Exercise material:
************

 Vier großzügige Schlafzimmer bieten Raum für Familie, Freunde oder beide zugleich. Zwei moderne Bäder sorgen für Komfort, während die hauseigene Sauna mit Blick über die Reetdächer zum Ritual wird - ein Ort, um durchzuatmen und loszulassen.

************

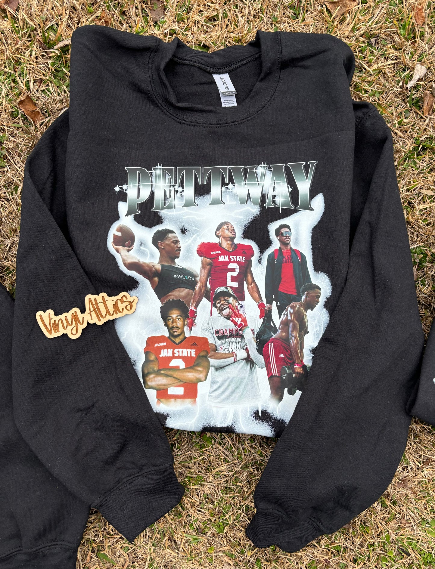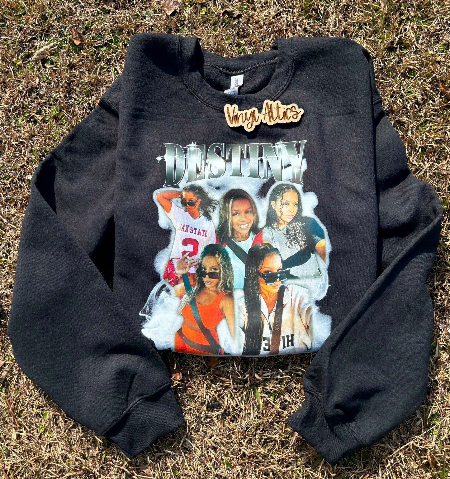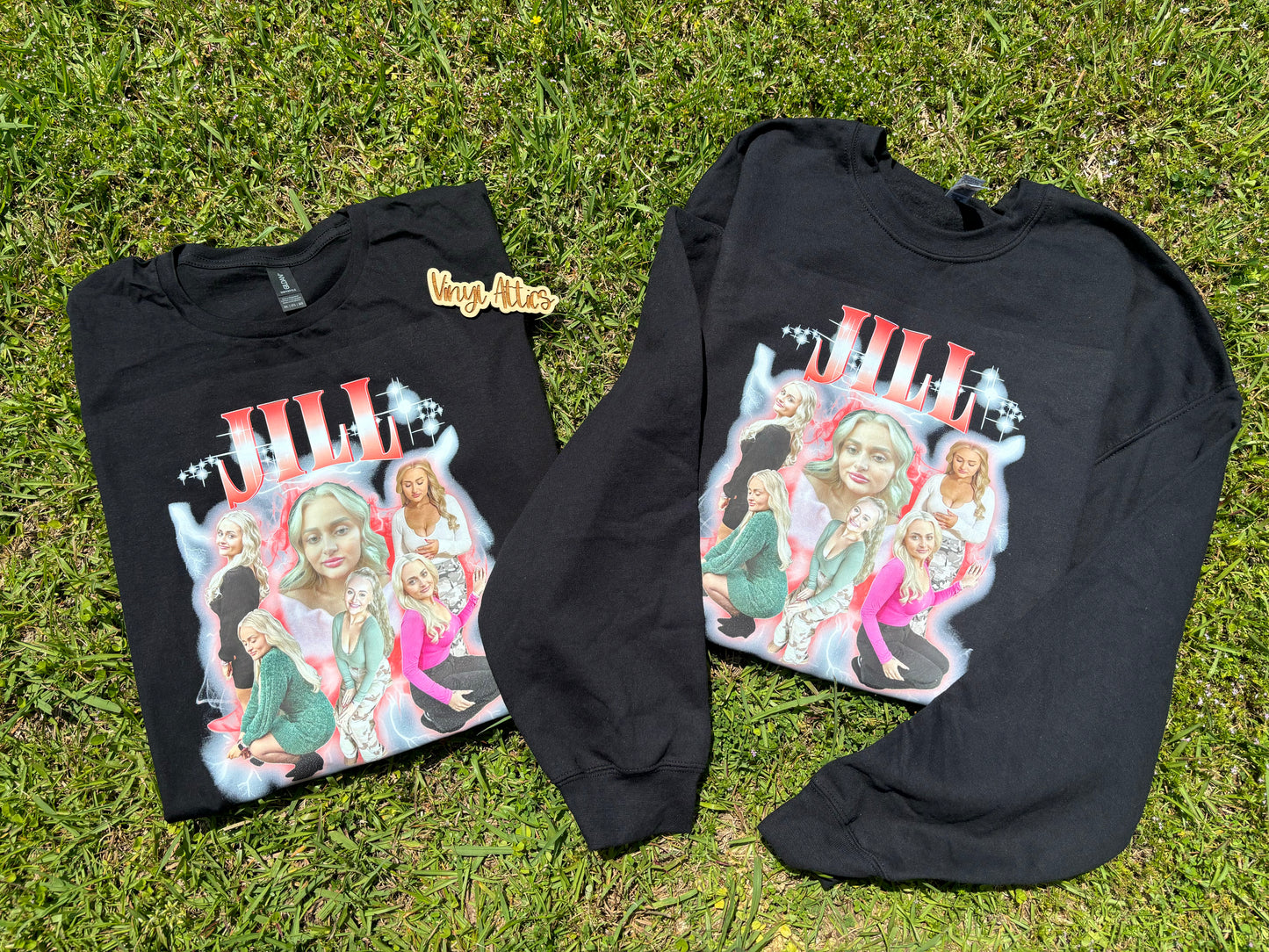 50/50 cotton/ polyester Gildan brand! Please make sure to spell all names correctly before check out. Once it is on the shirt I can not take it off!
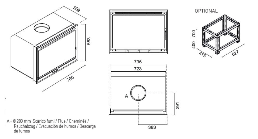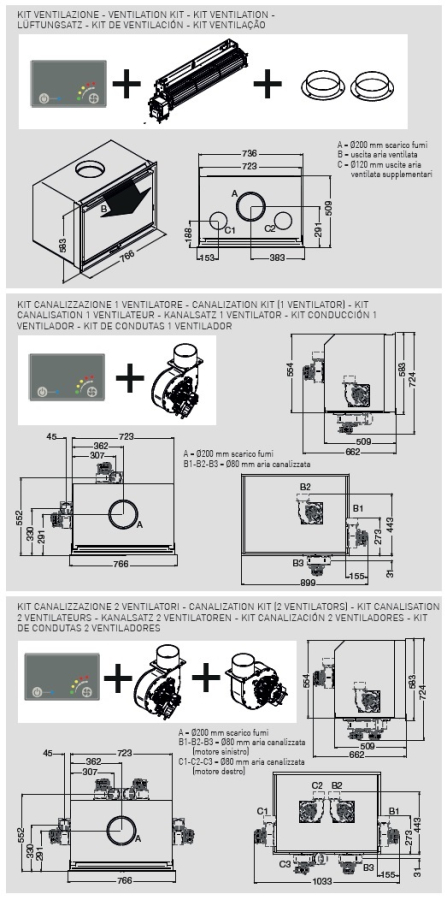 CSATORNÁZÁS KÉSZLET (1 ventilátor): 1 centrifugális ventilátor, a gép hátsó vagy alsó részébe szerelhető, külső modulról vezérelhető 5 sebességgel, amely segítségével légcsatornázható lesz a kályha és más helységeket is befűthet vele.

************

Could you transcribe exactly the entries above, but only the lines from the one with "50/50 cotton/ polyester" through the one with "CSATORNÁZÁS KÉSZLET (1 ventilátor): 1", and without pictures?

Written response:
 50/50 cotton/ polyester Gildan brand! Please make sure to spell all names correctly before check out. Once it is on the shirt I can not take it off!
 CSATORNÁZÁS KÉSZLET (1 ventilátor): 1 centrifugális ventilátor, a gép hátsó vagy alsó részébe szerelhető, külső modulról vezérelhető 5 sebességgel, amely segítségével légcsatornázható lesz a kályha és más helységeket is befűthet vele.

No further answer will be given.